Прежде всего следует напомнить, что после биологической смерти человека важнейшее значение приобретает культура выражения смерти – ритуал обращения с телом и семиотика этого ритуала. Речь идет о подготовке к похоронам, погребальных традициях и обрядах, поминовении и пр., которые имеют чрезвычайно широкий диапазон выражения. Традиционный ритуал формирует посмертное состояние человека и его тела, именно ритуал создает из трупа семиотический объект и устанавливает с ним внешнее взаимодействие.
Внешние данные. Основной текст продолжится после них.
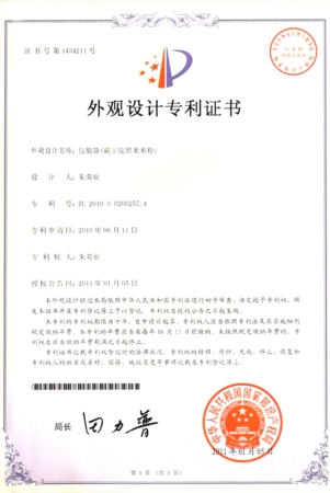 400克黑米米排粉包裝袋外觀設計專利證書

С этой точки зрения тело человека продолжает находиться в контакте с окружающими и длить посмертное бытие человека, которое теперь заключено только в теле. Именно это бытие возможно именовать смертью. Пропущенное через ритуал, данное бытие приобретает форму смерти и воспринимается как смерть. Не случайно в повседневной жизни осознание смерти человека обычно происходит не сразу, а проявляется постепенно именно в ходе ритуала и достигает апофеоза после его окончания.
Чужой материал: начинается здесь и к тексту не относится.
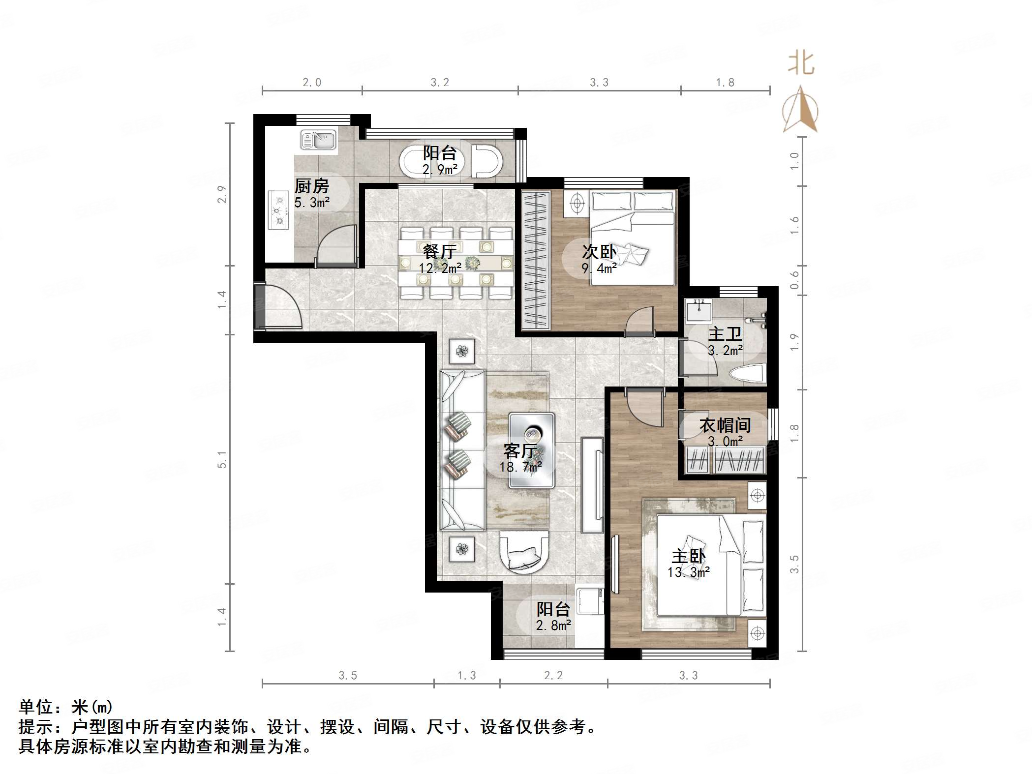 鲁能领秀城中央公园(17区18区)3室2厅2卫144㎡南北335万

У Н. Гоголя это состояние очень точно показано в «Старосветских помещиках»: после смерти Пульхерии Ивановны «Афанасий Иванович был совершенно поражен. Это так казалось ему дико, что он даже не заплакал. Мутными глазами глядел он на нее, как бы не зная всего значения трупа… Покойницу положили на стол, одели в то самое платье, которое она сама назначила, сложили ей руки крестом, дали в руки восковую свечу – он на все это глядел бесчувственно. Множество народа всякого звания наполнило двор, множество гостей приехало на похороны, длинные столы расставлены были по двору, кутья, наливки, пироги лежали кучами, гости говорили, плакали, глядели на покойницу, рассуждали о ее качествах, смотрели на него; но он сам на все это глядел странно. Покойницу понесли наконец, народ повалил следом, и он пошел за нею; священники были в полном облачении, солнце светило, грудные ребенки плакали на руках матерей, жаворонки пели, дети в рубашонках бегали и резвились по дороге. Наконец гроб поставили над ямой, ему велели подойти и поцеловать в последний раз покойницу: он подошел, поцеловал, на глазах его показались слезы, но какие-то бесчувственные слезы. Гроб опустили, священник взял заступ и первый бросил горсть земли, густой протяжный хор дьячка и двух пономарей пропел вечную память под чистым безоблачным небом, работники принялись за заступы, и земля уже покрыла и сровняла яму, – в это время он пробрался вперед; все расступились, дали ему место, желая знать его намерение. Он поднял глаза свои, посмотрел смутно и сказал: «Так вот это вы уже и погребли ее! зачем?!..» Он остановился и не докончил своей речи. Но когда возвратился он домой, когда увидел, что пусто в его комнате, что даже стул, на котором сидела Пульхерия Ивановна, был вынесен, – он рыдал, рыдал сильно, рыдал неутешно, и слезы, как река, лились из его тусклых очей»[684]684
  Гоголь Н.В. Сочинения. М., 1996. С. 87.


[Закрыть]
.

Существенной особенностью этой смерти является имплицитно заключенная в ней возможность возвращения ушедшего как на психологическом и традиционно-обрядовом уровнях, так и на религиозно-мистическом. То есть данным ритуалом смерть оформлялась, овеществлялась, становилась понятной, видимой и ощутимой и ей отводилось место в структуре общего порядка. То есть в процессе совершения ритуала завершение биологического существования опознавалось как смерть, именно ритуал делал смерть смертью.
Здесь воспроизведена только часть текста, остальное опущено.